Learn more about Enteprise security here- Security in HDInsight on AKS - Azure HDInsight Preview Documentation | Microsoft Learn
Data Infra monitoring with Prometheus, Grafana, Workbook, Azure Monitor - Microsoft provides Grafana (visualization tool) and Prometheus (cloud native monitoring tool) capabilities as azure managed service offerings. We can configure Microsoft managed Grafana instance, Microsoft Managed Prometheus and then monitor HDI AKS via simple checkbox as shown in following screenshot.
Fig 1.4 One click Microsoft Managed Prometheus, Grafana integration.
Azure workbook provides prebuilt and custom-built canvas capability for data analysis. HDInsight AKS Trino cluster supports native Workbook integration as shown in the following screenshot.
Fig 1.5 HDInsight AKS Trino Workbook gallery
Native integration capability of Azure HDInsight on AKS with Azure Monitoring service gives the ability to explore, interact with log and monitor the workloads in seamless manner. Setting up alert based on query threshold becomes much easier when we set up alert.
Federated SQL monitoring with Trino UI– Trino provides native UI to monitor query logs triggered in Trino cluster. To access Trino Logs, we need to perform the following two steps.
Step 1. Go inside HDInsight Trino cluster and click on ‘Trino UI’ as shown in following screenshot.
Fig 1.6 Trino UI Dashboards.
Step2. Click on ‘Trino UI, a Trino UI monitoring dashboard with query detail will like below as shown in following screenshot. Query details appear in this canvas which can be used for monitoring and deepdive of query.
Fig 1.7 Trino UI Dashboards
Elasticity- Manual Scale, Auto scale & delegated container management-
HDInsight on AKS supports both manual and auto scale capability.

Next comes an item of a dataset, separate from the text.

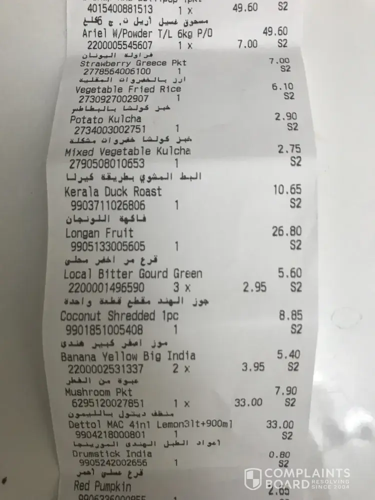 Another issue : in the advertisement it is mentioned egg price is 0.890 in place of 1.195 however in the bill they charged 1.195. this is not about money or item how many such item we should check the price if u charge incorrectly.my bill that day was 53 kwd.

We need go to portal and manually drag the ‘Number of Worker nodes’ then turn on ‘Auto scale’ toggle via HDI AKS user interface to leverage the cloud elasticity. Underlying cluster pod management as shown in the next screenshot takes care of the HDI AKS elasticity in a high performant manner.
Fig 1.8 HDInsight on AKS implementation architecture
Ease of Service Configuration Management- There are multiple Trino configurations which we need to leverage for application development and tuning. Some are as below.
- query. cache. enabled.
- query. enable-multi-statement-set-session.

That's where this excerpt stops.